Give back the full listing verbatim, apart from its images.

RECORDED DATA
○ ○ ○ ○ ○

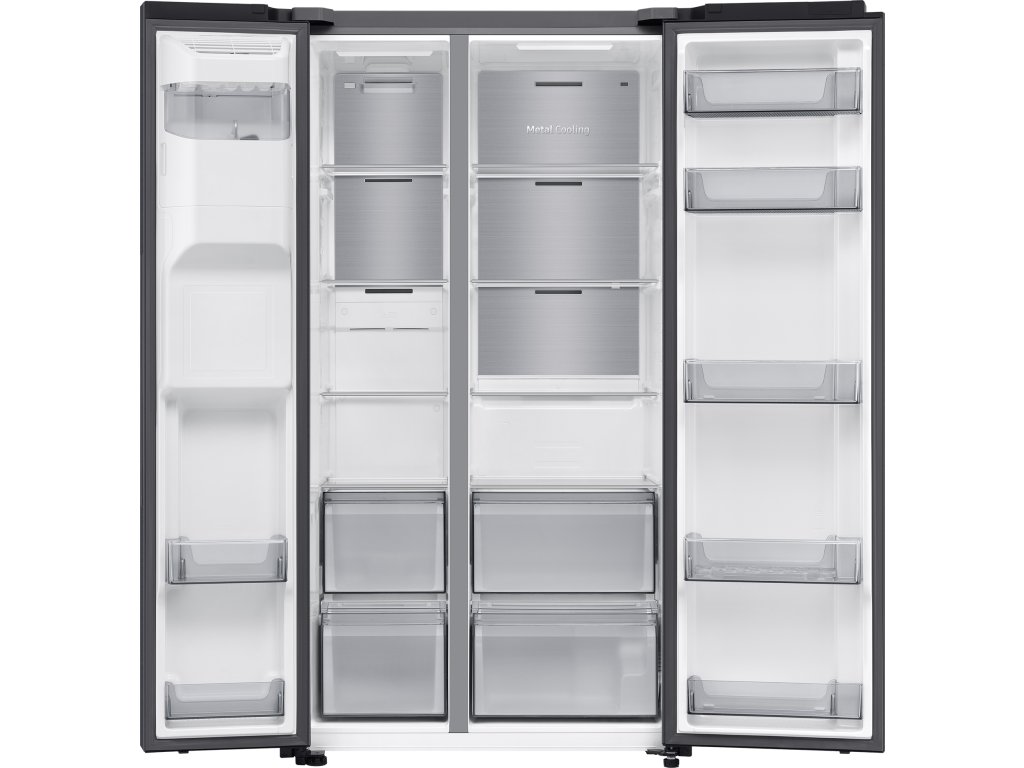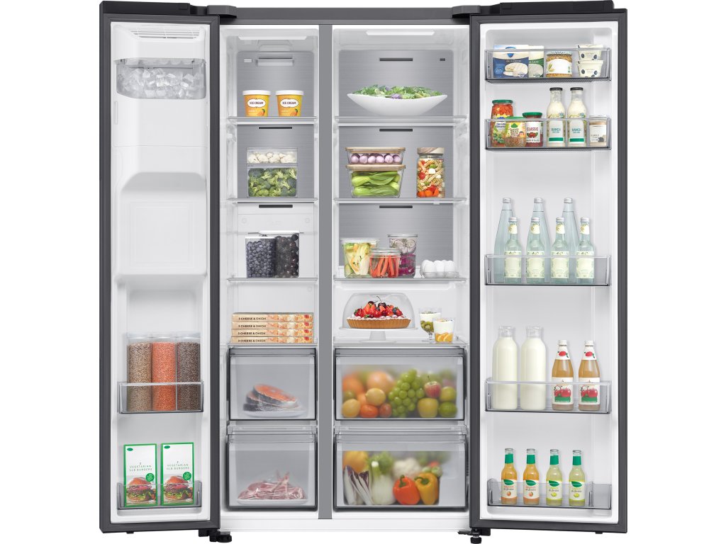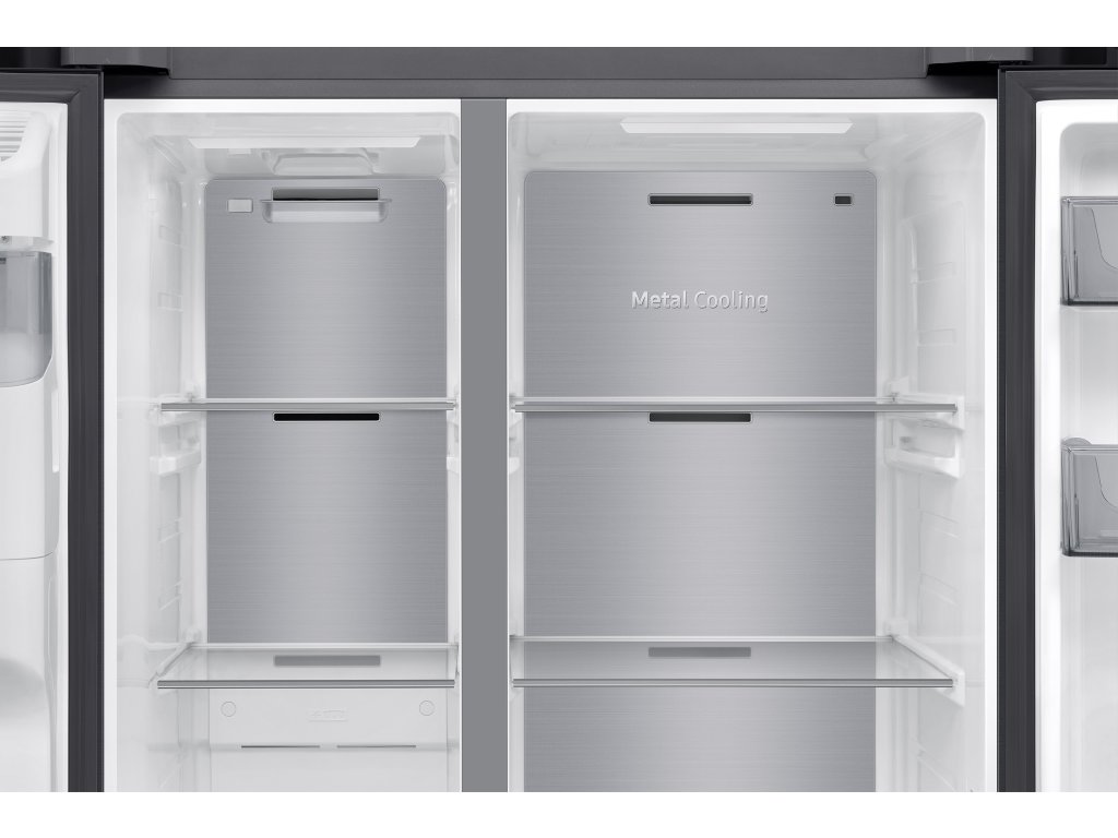 Uvnitř americké lednice Samsung RS70F64KDFEO s výškou 178 cm naleznete i přes její kompaktní rozměry efektivně uzpůsobenou skladovací kapacitu ideální pro početnější rodiny. Chladicí část s čistým objemem 420 l má ve své výbavě 4 police z tvrzeného skla a 2 zásuvky na ovoce a zeleninu. Velkokapacitní box Big Vegi Box nabízí praktický prostor pro uskladnění velkého množství čerstvé zeleniny a ovoce. Kovová deska Metal Cooling integrovaná v zadní stěně zadržuje chlad ze vzduchu a rychle vyrovnává tepelné ztráty. Funkce Power Cool aktivuje intenzivní cirkulaci studeného vzduchu, když třeba potřebujete vychladit velký nákup v letních dnech. Funkce All-around Cooling neustále kontroluje teplotu a zajišťuje rovnoměrnou cirkulaci vzduchu na každé přihrádce.
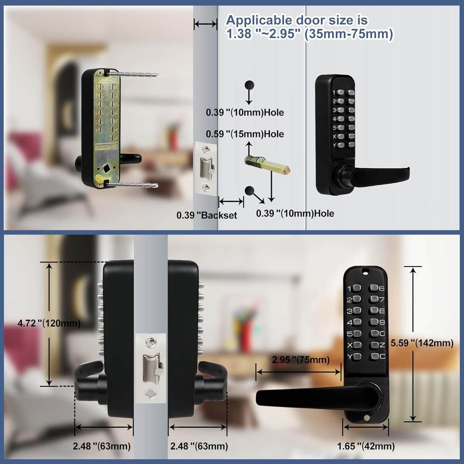 IU-30 Code Door Lock | Keypad + Key | 1⅜”–2¼” | 4 AA (12 mo) | None | $47–$59 | ★ 4.2 (1,143) |
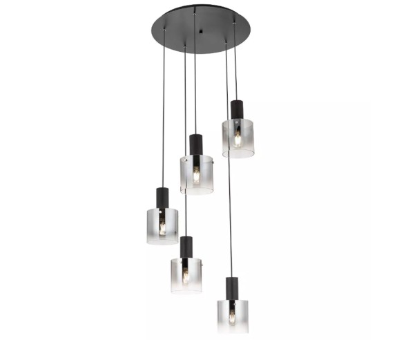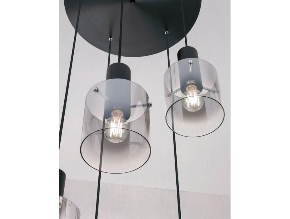 Sospensione per salotto, cucina e camera da letto, strutturata in metallo e alluminio anodizzato nero, diffusori in vetro sfumato fumè

○ ○ ○ ○ ○

SOLUTION FOR THIS TASK
 Uvnitř americké lednice Samsung RS70F64KDFEO s výškou 178 cm naleznete i přes její kompaktní rozměry efektivně uzpůsobenou skladovací kapacitu ideální pro početnější rodiny. Chladicí část s čistým objemem 420 l má ve své výbavě 4 police z tvrzeného skla a 2 zásuvky na ovoce a zeleninu. Velkokapacitní box Big Vegi Box nabízí praktický prostor pro uskladnění velkého množství čerstvé zeleniny a ovoce. Kovová deska Metal Cooling integrovaná v zadní stěně zadržuje chlad ze vzduchu a rychle vyrovnává tepelné ztráty. Funkce Power Cool aktivuje intenzivní cirkulaci studeného vzduchu, když třeba potřebujete vychladit velký nákup v letních dnech. Funkce All-around Cooling neustále kontroluje teplotu a zajišťuje rovnoměrnou cirkulaci vzduchu na každé přihrádce.
 IU-30 Code Door Lock | Keypad + Key | 1⅜”–2¼” | 4 AA (12 mo) | None | $47–$59 | ★ 4.2 (1,143) |
 Sospensione per salotto, cucina e camera da letto, strutturata in metallo e alluminio anodizzato nero, diffusori in vetro sfumato fumè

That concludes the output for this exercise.